In a nutshell: Could you tell if a voice is AI-generated, even when you know what you're listening to could be deepfaked audio? It might not be as easy as you think. A new study shows that humans are only able to detect artificially generated speech 73% of the time in both English and Mandarin.
The study was performed by Kimberly Mai at University College London and her colleagues, who used a text-to-speech algorithm trained on two publicly available datasets. Fifty deepfaked speech samples were created in both languages to determine if humans could identify the fakes from the real voices.
529 people took part in the study. They listened to a real female speaker reading generic sentences in English or Mandarin interspersed with AI-generated phrases.

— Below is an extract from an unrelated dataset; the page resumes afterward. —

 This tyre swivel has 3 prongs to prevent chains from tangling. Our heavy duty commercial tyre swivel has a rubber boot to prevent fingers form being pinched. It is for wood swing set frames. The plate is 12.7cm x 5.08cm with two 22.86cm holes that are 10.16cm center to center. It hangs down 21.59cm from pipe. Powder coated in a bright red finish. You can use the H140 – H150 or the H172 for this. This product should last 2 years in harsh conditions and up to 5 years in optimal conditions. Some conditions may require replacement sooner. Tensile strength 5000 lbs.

The first group listened to 20 voice samples in their native language and had to decide if they were real or fake. Participants picked the right option 73% of the time.

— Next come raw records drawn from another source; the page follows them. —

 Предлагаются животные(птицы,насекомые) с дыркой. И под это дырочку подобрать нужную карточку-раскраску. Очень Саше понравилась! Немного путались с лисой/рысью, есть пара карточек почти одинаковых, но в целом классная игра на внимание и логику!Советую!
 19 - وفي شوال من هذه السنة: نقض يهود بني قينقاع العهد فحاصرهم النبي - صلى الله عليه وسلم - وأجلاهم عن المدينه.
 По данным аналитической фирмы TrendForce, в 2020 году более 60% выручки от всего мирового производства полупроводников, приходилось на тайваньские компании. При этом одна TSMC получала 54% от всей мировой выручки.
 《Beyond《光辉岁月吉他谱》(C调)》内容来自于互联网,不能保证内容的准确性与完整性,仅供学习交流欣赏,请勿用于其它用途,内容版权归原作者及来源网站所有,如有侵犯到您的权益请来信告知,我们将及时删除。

A second group heard 20 randomly chosen pairs of audio clips, one spoken by a human and one by an AI. People were able to spot the deepfake 85% of the time in this test, though having two exact clips for comparison was always going to make this challenge easier.

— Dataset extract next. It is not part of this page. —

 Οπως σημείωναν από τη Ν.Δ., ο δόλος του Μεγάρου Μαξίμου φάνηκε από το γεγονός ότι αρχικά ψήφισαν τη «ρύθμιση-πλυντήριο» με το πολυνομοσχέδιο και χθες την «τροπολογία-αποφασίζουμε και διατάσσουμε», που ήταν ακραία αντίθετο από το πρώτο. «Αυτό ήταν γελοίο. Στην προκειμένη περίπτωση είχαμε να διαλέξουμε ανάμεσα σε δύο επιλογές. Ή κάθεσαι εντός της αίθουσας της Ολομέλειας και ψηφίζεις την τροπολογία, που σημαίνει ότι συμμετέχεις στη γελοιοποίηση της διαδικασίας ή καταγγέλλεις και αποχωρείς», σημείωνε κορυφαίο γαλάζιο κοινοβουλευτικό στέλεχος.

Deepfaked voices often come with telltale signs such as stilted, monotone speech or unnatural stuttering that identify them as being artificial. However, the accuracy figures only increased slightly after participants were given training on how to recognize the characteristics of AI-generated speech.
"In our study, we showed that training people to detect deepfakes is not necessarily a reliable way to help them to get better at it. Unfortunately, our experiments also show that at the moment automated detectors are not reliable either," said Mai.
"They're really good at detecting deepfakes if they've seen similar examples during their training phase, if the speaker is the same or the clips are recorded in a similar audio environment, for example. But they're not reliable when there are changes in the test audio conditions, such as if there's a different speaker."
It's important to note that the people in the study knew they were listening out for an AI-generated voice; a person not expecting one would likely find it harder to recognize a fake. There have been cases of scammers using cloned voices to call people and trick them into believing they are talking to family, friends, or officials and handing over sensitive data. There's also the concern over some security systems using voice identification.
Mai also said that the algorithms used to create the deepfakes in the study are relatively old, so those generated with newer and future technologies will sound more like the real thing and have less of an uncanny valley effect.
Microsoft have announced their AI "VALL-E"
– Del Walker (@TheCartelDel) January 7, 2023
Using a 3-second sample of human speech, it can generate super-high-quality text-to-text speech from the same voice. Even emotional range and acoustic environment of the
sample data can be reproduced. Here are some examples. pic.twitter.com/ExoS2VWO6d
Back in January, Microsoft researchers announced a new AI that can accurately mimic a human voice from a mere three-second-long audio sample.